◆ DATASET ENTRIES ◆
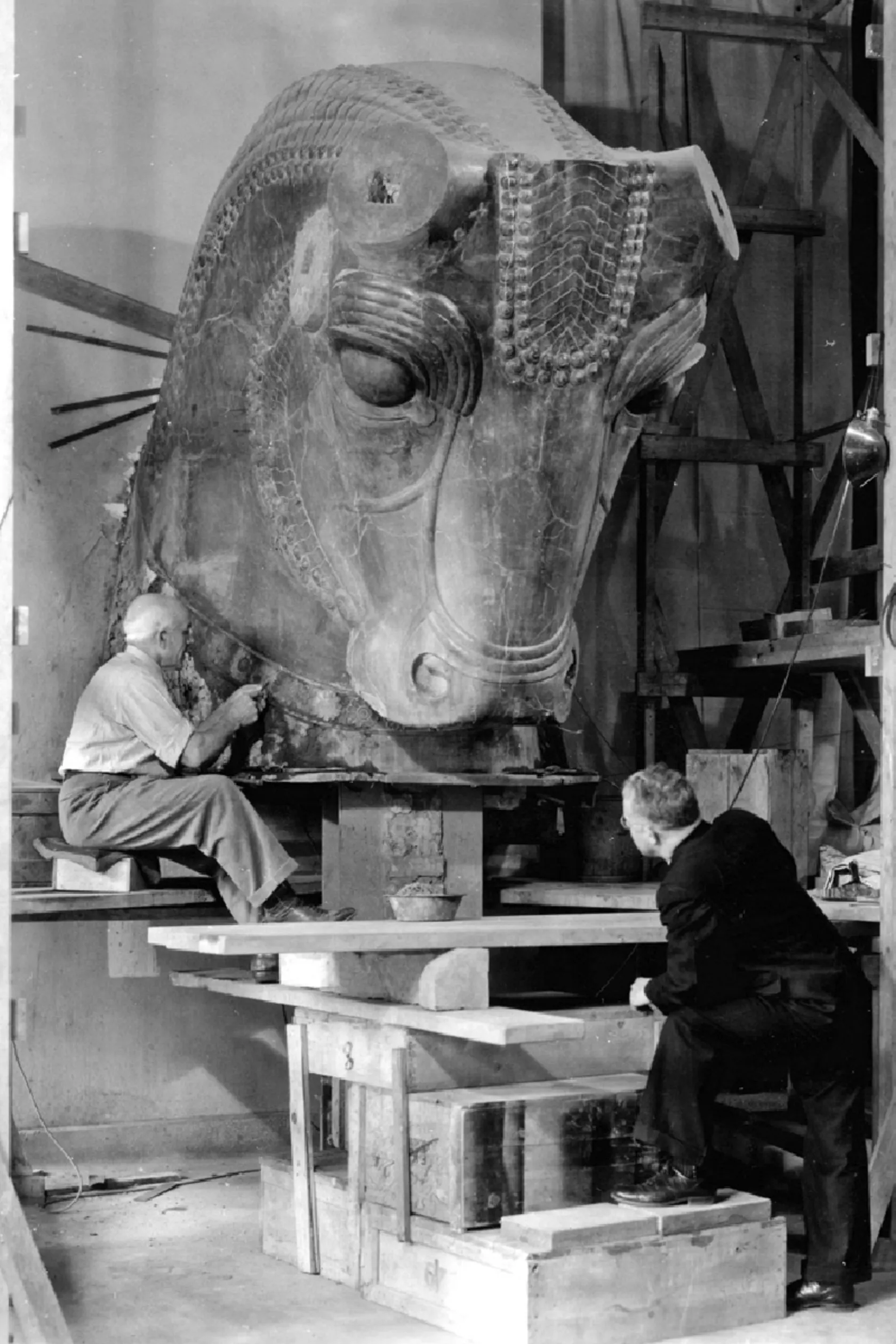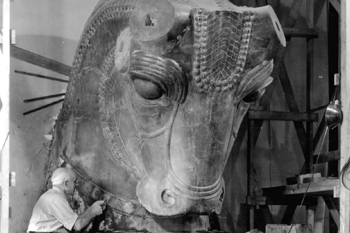 تصویر تاریخی، لحظه مرمت یک گاو سنگی هخامنشی در دانشگاه شیکاگو را نشان میدهد.
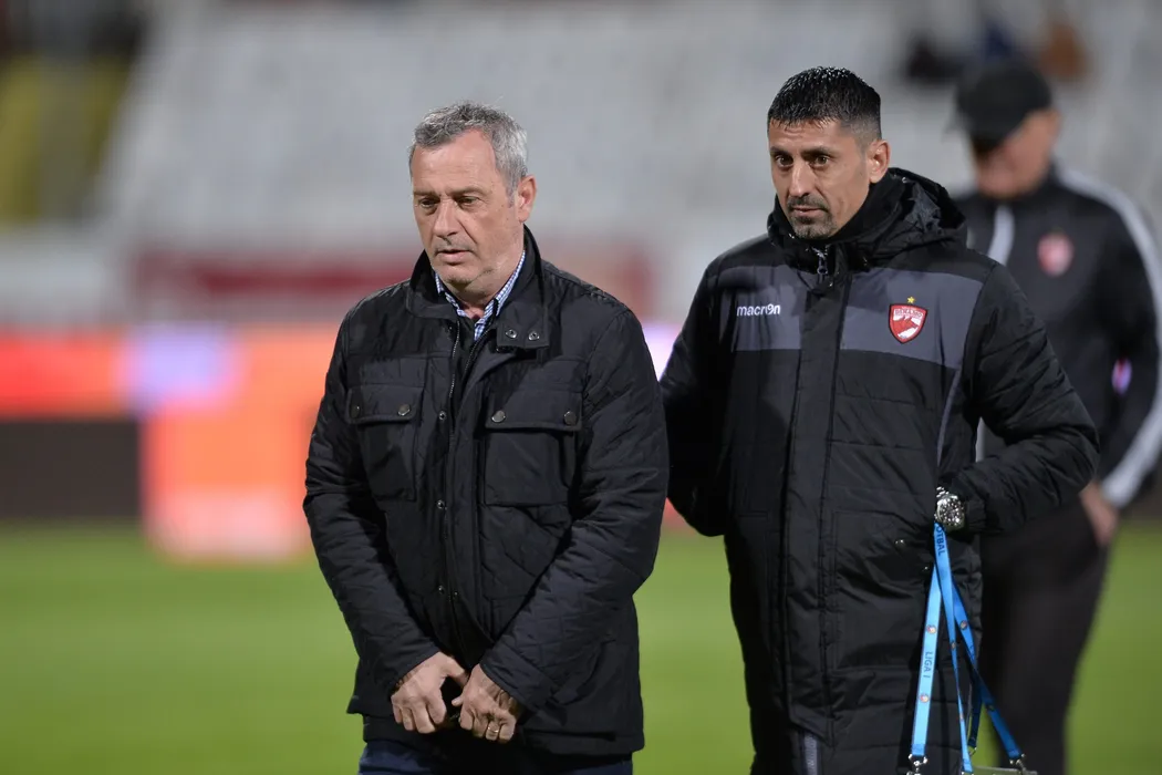 Mircea Rednic, antrenorul echipei Dinamo Bucuresti, si Ionel Danciulescu urmaresc meciul de fotbal contra echipei FC Botosani din etapa a VI-a a play-out-ului Ligii 1, disputat pe stadionul Stefan cel Mare din Bucuresti, luni, 22 aprilie 2019. ALEXANDRU DOBRE / MEDIAFAX FOTO
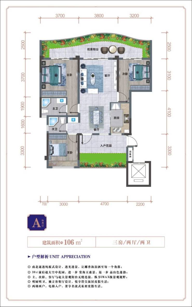A户型 三房两厅两卫双阳台
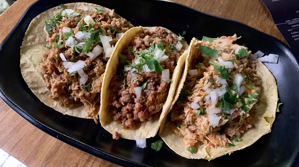 A elegir. Incluyen repollo, salsa roja con rabanitos y cilantro, cebolla morada curtida con limón, guacamole, tortillas.
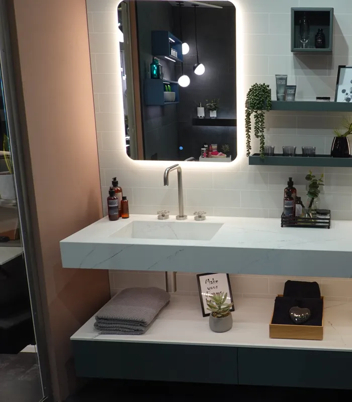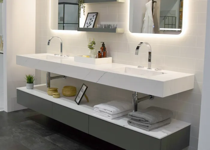 Quadra håndvaske og bordplader efter mål fås i alle Silestone-overflader. Kombiner Quadra med møbler, spejle og tilbehør fra Dansani Calidris-serien for at skabe alsidige designs, der passer ind i ethvert rum og giver badeværelset et sofistikeret udtryk.
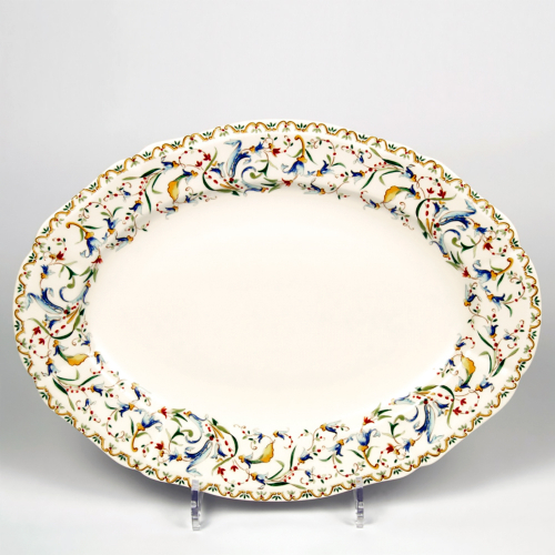 Блюдо из фаянса, которое сочетает в себе старинные французские традиции и эксклюзивный декор. Роспись сделана исключительно вручную. Каждое изделие отличается яркими красками, формами и цветами. Любой шедевр Gien украсит Вашу обыденную трапезу, внесет роскошь и изящество в Вашу жизнь.
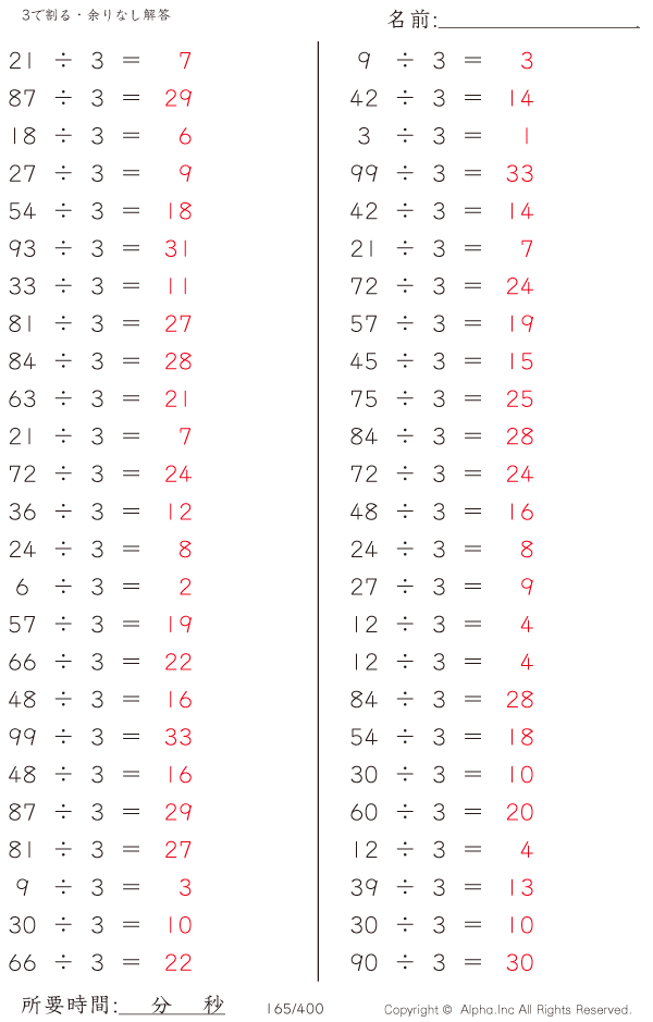 上記のボタンから「3で割る・余りなし」の算数数学ドリル・計算ドリル(PDFプリント)がダウンロードできます。個人利用は無料です(家庭以外での配布は有料です)。
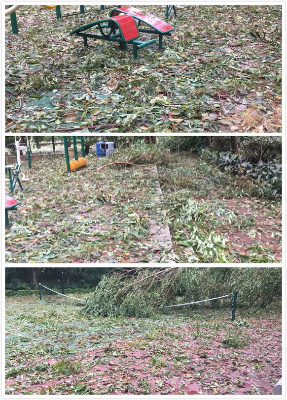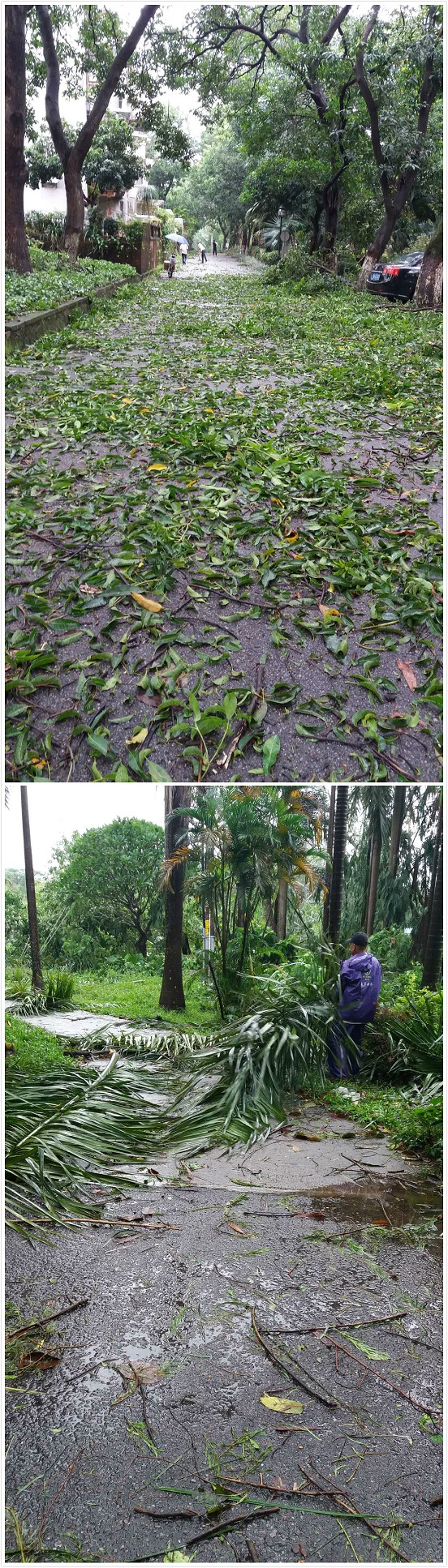 臺(tái)風(fēng)過境后路面上滿地的落葉垃圾以及斷落的樹枝。
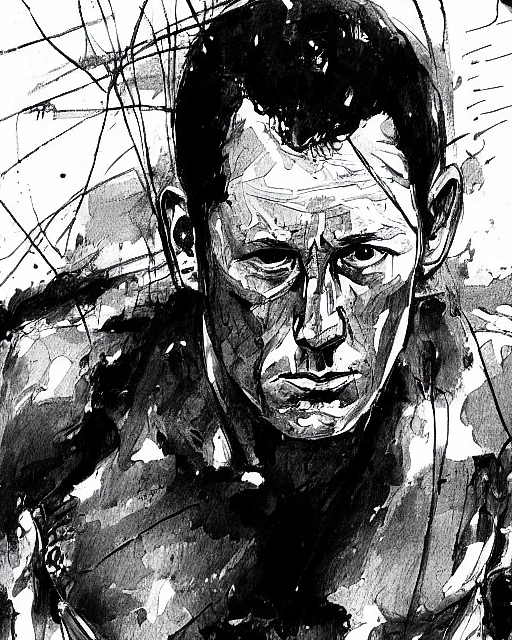 Drawing of lance Armstrong, black and white, concept art, sumi - e style, artstation, trending, highly detailed, smooth, focus, art by yoji shinkawa
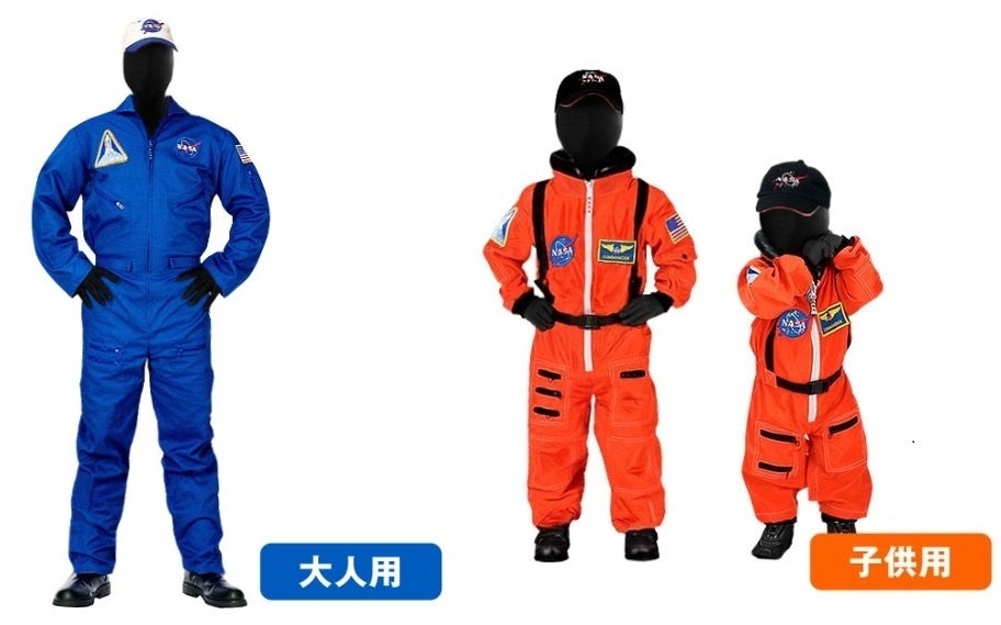 宇宙飛行士が会見などの時に着用する宇宙飛行士訓練服のレプリカ。NASAのロゴ入りキャップ付き
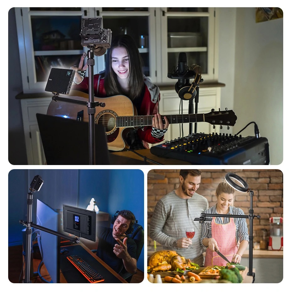 O suporte com grampo de mesa com parafuso de 1/4 padrão pode ser montado para a maioria das câmeras e luzes que têm um adaptador de 1/4 de polegada, como luz de anel, câmera DSLR, câmera de ação, luz de vídeo, câmera de vídeo, luz de painel, mini projetor. Cabeça de esfera giratória com rotação de 360 graus é perfeita para ajuste de ângulo
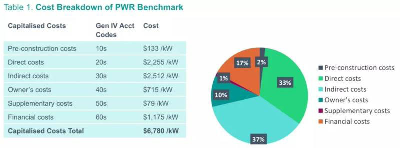 以美國(guó)的標(biāo)準(zhǔn)壓水堆(PWR)為參照,其投資總成本為6780美元/千瓦:
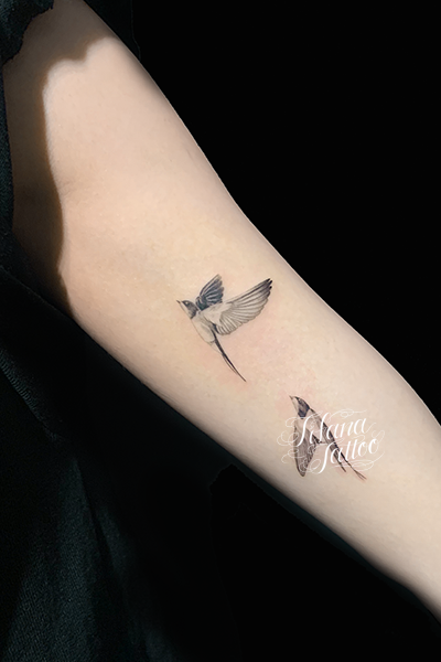 ツバメのファインライン・タトゥー タトゥー 一覧 > Tattoo by AKI 2022.09.07 2羽のツバメ|燕のモチーフを繊細な技法で表現したファインライン・タトゥー。所要時間の目安は3時間半前後です。 Style ファインライン メンズ 洋柄 Motif 鳥 Tattoo Tag 燕、ツバメ Size タバコサイズ Body parts 腕
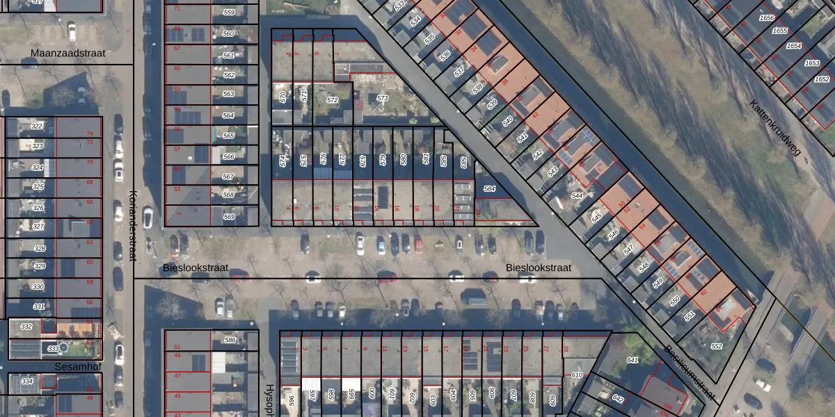 Het perceel waarop Bieslookstraat 18 staat heeft een oppervlakte van 115 m². Dit is een middelgroot perceel. De perceeloppervlakte wordt geregistreerd door het Kadaster. Gedetailleerde informatie over de maten van dit perceel kunt u vinden in het rapport Kadastrale kaart met maatvoering van Bieslookstraat 18.
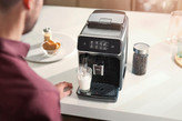 ماشین های فوق اتوماتیک مخصوصاً با کیفیت بالا، معمولاً بسیار پیچیده ترند. اما این محصول فیلیپس کاملا استثنایی بوده و دارای کاربری بسیار آسانی می باشد.نمایندگی فیلیپس در این مدل صفحه نمایشی در قسمت جلوی دستگاه قرار گرفته تا دسترسی و اعمال تنظیمات آسانتر گردد. عطر و طعم مقاومت ناپذیر قهوه از دانه های تازه فقط یک لمس فاصله دارد. صفحه نمایش لمسی دیجیتالی این را امکان می دهد تا بتوان به راحتی قهوه مورد علاقه را انتخاب نمود. در ضمن، قدرت و مقدار نوشیدنی از طریق My Coffee Choice در سه حالت قابل تنظیم می باشد.
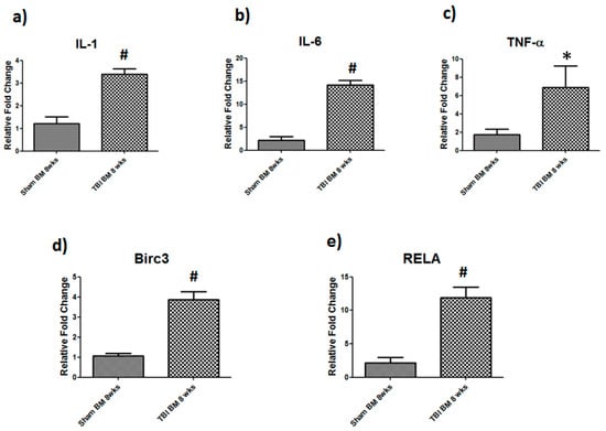 Elevated level of inflammatory and NF-kB signaling genes in TBI bone marrow. TBI mice showed increased mRNA expression of inflammatory genes (a) IL-1, (b) IL-6, (c) TNF-α and NF-kB signaling genes (d) Birc3 (e) RelA/p65 in 8-week TBI bone marrow. After reverse transcription of total RNA, cDNA was amplified by quantitative real-time PCR. Data for each sample were normalized with GAPDH mRNA represented as the fold change in expression compared to sham mouse. Results are means ± SD (n = 6), Significant * p < 0.05, and # p < 0.01 determined by using student’s t-test.
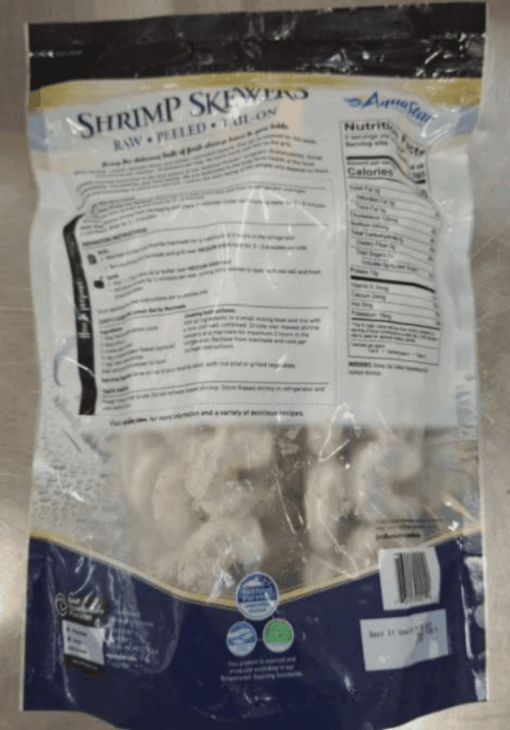 The affected AquaStar Raw Peeled Tail-on Shrimp Skewers; net wt. 1.25 lbs was sold in Food Lion stores in Delaware, Georgia, Kentucky, Maryland, North Carolina, Pennsylvania, South Carolina, Tennessee, Virginia and West Virginia, between July 7, 2025, and Sept. 20, 2025.
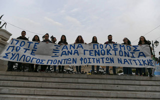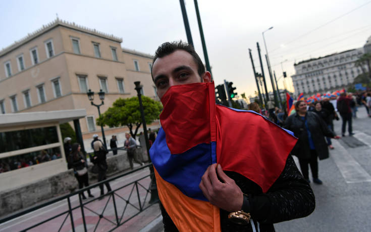 Με δυναμική πορεία από το Σύνταγμα προς την πρεσβεία της Τουρκίας αρκετοί διαδηλωτές κορύφωσαν τις εκδηλώσεις μνήμης για την 104η επέτειο της Γενοκτονίας των Αρμενίων.
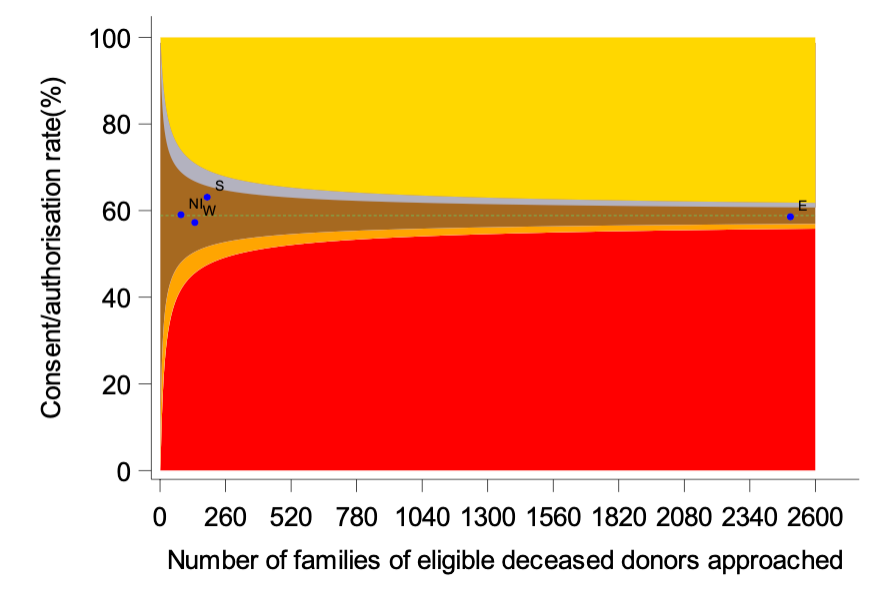 Funnel plot statistical analysis reveals there is no statistical difference between all four nations of the UK in consent/authorisation overall, though owing to population differences, England dominates the funnel plot.
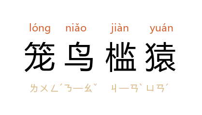 笼中鸟槛中猿。比喻受拘禁没有自由的人。
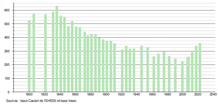 L'évolution du nombre d'habitants est connue à travers les recensements de la population effectués dans la commune depuis 1800. Pour les communes de moins de 10 000 habitants, une enquête de recensement portant sur toute la population est réalisée tous les cinq ans, les populations de référence des années intermédiaires étant quant à elles estimées par interpolation ou extrapolation[25]. Pour la commune, le premier recensement exhaustif entrant dans le cadre du nouveau dispositif a été réalisé en 2007[26].

◆ TASK PROMPT ◆
An exact printout of the entries is wanted, covering the first line through the line holding "A elegir. Incluyen", with pictures kept out of it.

◆ WORKED SOLUTION ◆
 تصویر تاریخی، لحظه مرمت یک گاو سنگی هخامنشی در دانشگاه شیکاگو را نشان میدهد.
 Mircea Rednic, antrenorul echipei Dinamo Bucuresti, si Ionel Danciulescu urmaresc meciul de fotbal contra echipei FC Botosani din etapa a VI-a a play-out-ului Ligii 1, disputat pe stadionul Stefan cel Mare din Bucuresti, luni, 22 aprilie 2019. ALEXANDRU DOBRE / MEDIAFAX FOTO
A户型 三房两厅两卫双阳台
 A elegir. Incluyen repollo, salsa roja con rabanitos y cilantro, cebolla morada curtida con limón, guacamole, tortillas.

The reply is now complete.